━━━ EXTRACTED INFORMATION

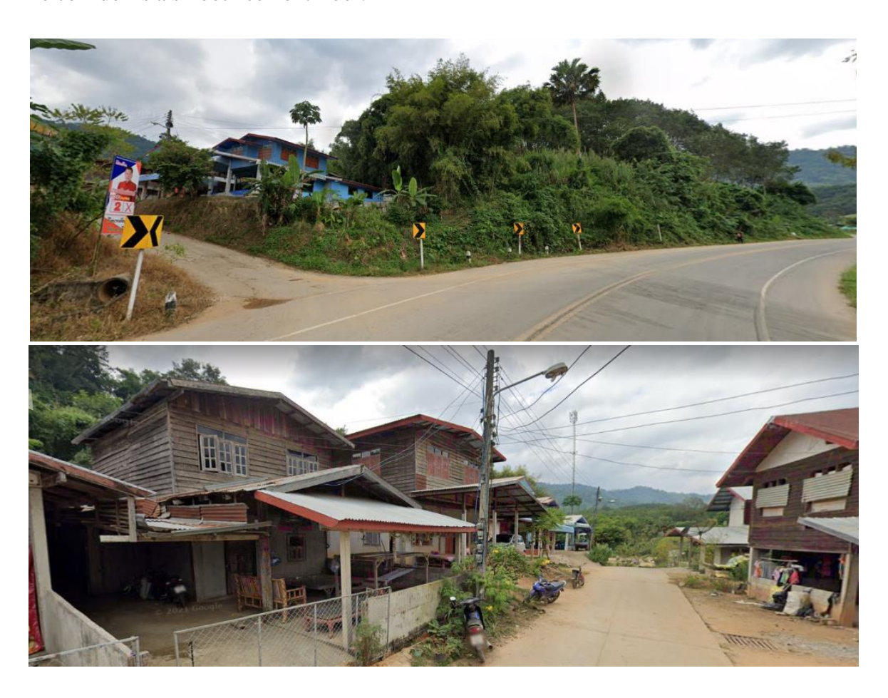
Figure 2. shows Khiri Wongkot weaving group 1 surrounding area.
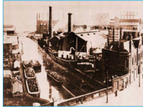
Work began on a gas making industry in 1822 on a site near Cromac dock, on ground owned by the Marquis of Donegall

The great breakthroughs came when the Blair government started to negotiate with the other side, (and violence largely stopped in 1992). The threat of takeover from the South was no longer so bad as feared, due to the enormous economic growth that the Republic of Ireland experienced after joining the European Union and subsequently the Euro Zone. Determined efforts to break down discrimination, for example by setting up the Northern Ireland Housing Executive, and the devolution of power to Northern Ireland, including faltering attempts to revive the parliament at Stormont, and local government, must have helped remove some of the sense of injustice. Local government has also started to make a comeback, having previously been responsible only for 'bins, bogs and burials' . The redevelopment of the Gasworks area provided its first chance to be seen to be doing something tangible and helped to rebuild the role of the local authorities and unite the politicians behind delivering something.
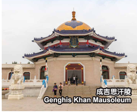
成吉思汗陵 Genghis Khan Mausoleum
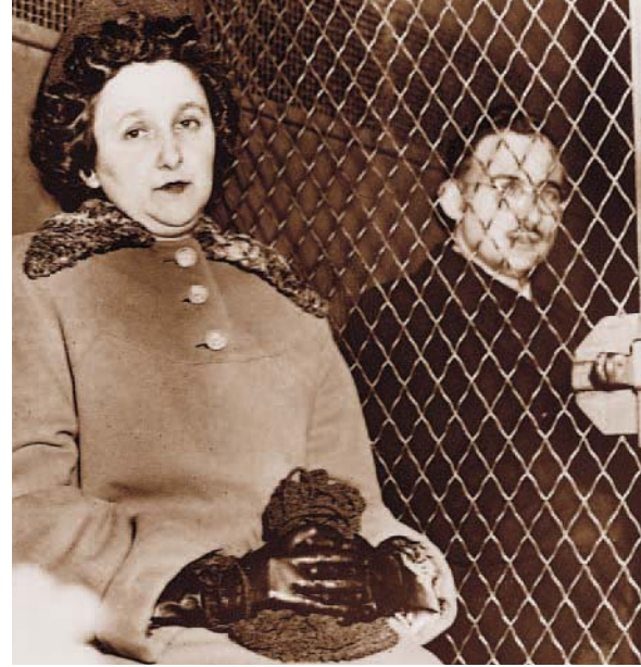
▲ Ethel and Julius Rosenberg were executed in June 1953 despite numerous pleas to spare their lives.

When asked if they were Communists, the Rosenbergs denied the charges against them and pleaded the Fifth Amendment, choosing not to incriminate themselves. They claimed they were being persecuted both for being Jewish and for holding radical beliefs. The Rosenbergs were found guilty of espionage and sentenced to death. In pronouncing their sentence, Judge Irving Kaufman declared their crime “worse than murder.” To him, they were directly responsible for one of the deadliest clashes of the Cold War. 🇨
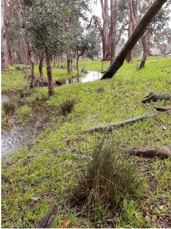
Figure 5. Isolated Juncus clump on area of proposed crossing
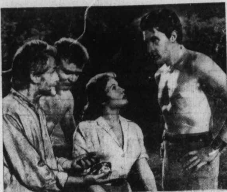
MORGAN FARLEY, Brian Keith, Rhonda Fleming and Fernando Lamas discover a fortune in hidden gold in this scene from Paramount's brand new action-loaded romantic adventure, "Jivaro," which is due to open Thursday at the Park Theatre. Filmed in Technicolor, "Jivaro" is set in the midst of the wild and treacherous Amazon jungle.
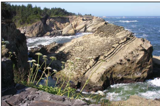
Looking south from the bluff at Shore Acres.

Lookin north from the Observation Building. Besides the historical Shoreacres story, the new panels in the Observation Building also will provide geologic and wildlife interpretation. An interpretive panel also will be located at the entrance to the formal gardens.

━━━━━━

(TASK REQUIREMENTS)
I need each line of the entries that holds the string "Figure" located and copied.

(EXERCISE ANSWER)
Figure 2. shows Khiri Wongkot weaving group 1 surrounding area.
Figure 5. Isolated Juncus clump on area of proposed crossing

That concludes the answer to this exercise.